What to produce: Would you please set down the data again exactly as given, excluding the pictures?

Supplied data:
# # # #
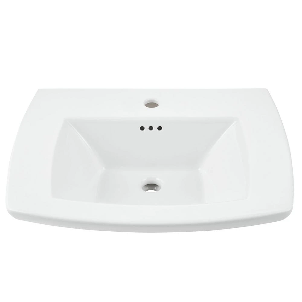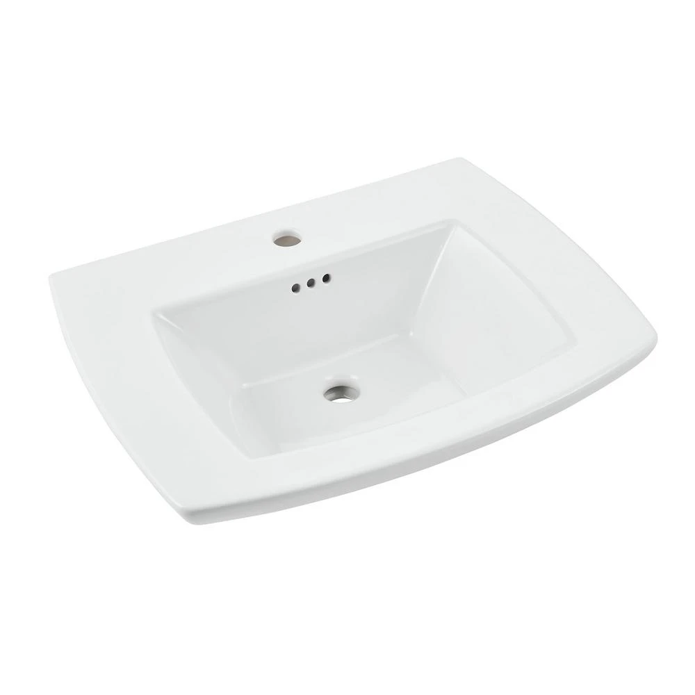 The Edgemere Console Table Top from American Standard has a transitional design that will complement any bathroom. The Edgemere Console Table Top pairs perfectly with the Edgemere Pedestal Bathroom sinks and the Edgemere Pedestal leg to give your bathroom a classic look. The Edgemere Console Table Top coordinates with Edgemere toilets.
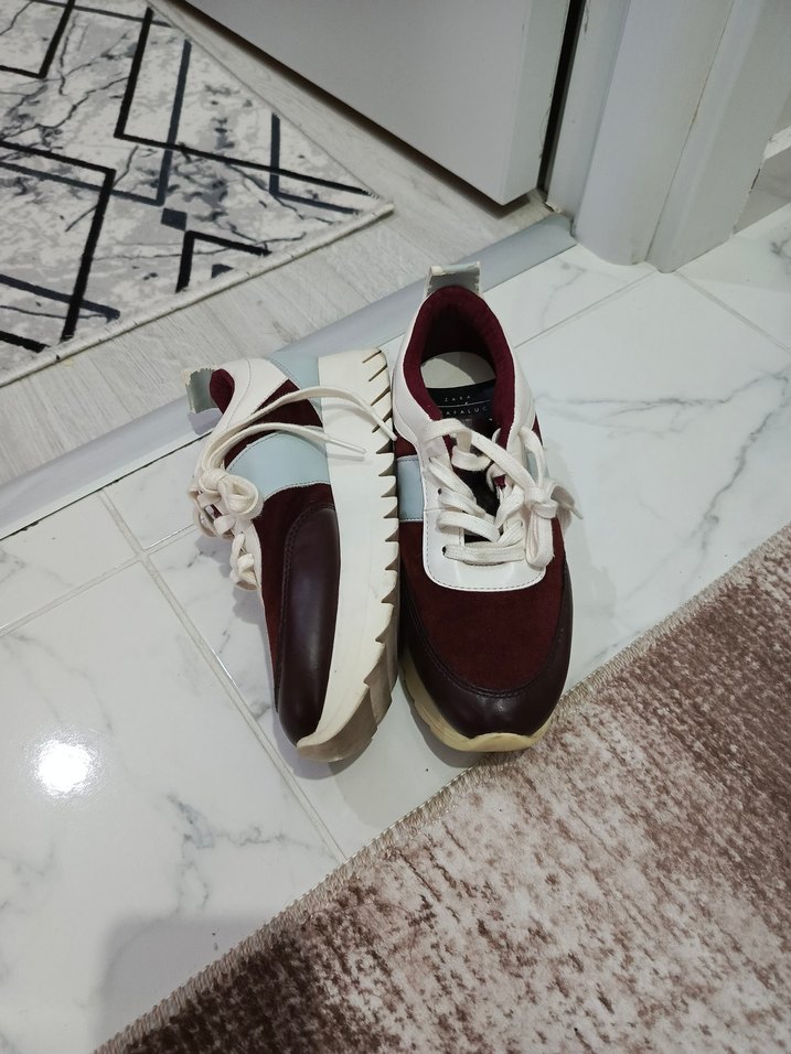 Bordo renkli, dolgu topuklu ve bağcıklı kadın sneakers, kauçuk tabanlı günlük kullanım için uygundur. Zara'nın orjinal ürünüdür.. sayılı giyildi. b.şehir. #zara
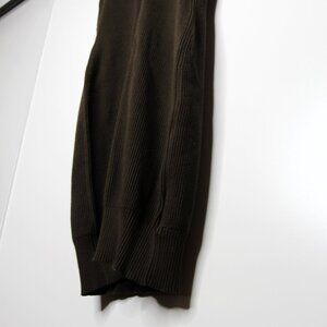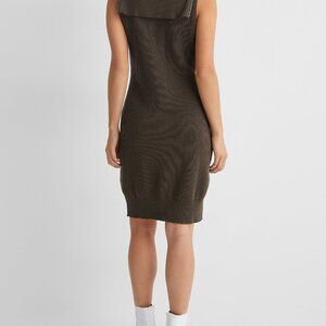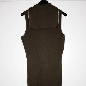 The Knit Zip-Up Dress is a sleeveless rib knit cotton and wool blend. It has an extended zipper closure that runs from the turtleneck collar to the bottom. The hardware has a silver-tone.
# # # #
Response for this exercise:
 The Edgemere Console Table Top from American Standard has a transitional design that will complement any bathroom. The Edgemere Console Table Top pairs perfectly with the Edgemere Pedestal Bathroom sinks and the Edgemere Pedestal leg to give your bathroom a classic look. The Edgemere Console Table Top coordinates with Edgemere toilets.
 Bordo renkli, dolgu topuklu ve bağcıklı kadın sneakers, kauçuk tabanlı günlük kullanım için uygundur. Zara'nın orjinal ürünüdür.. sayılı giyildi. b.şehir. #zara
 The Knit Zip-Up Dress is a sleeveless rib knit cotton and wool blend. It has an extended zipper closure that runs from the turtleneck collar to the bottom. The hardware has a silver-tone.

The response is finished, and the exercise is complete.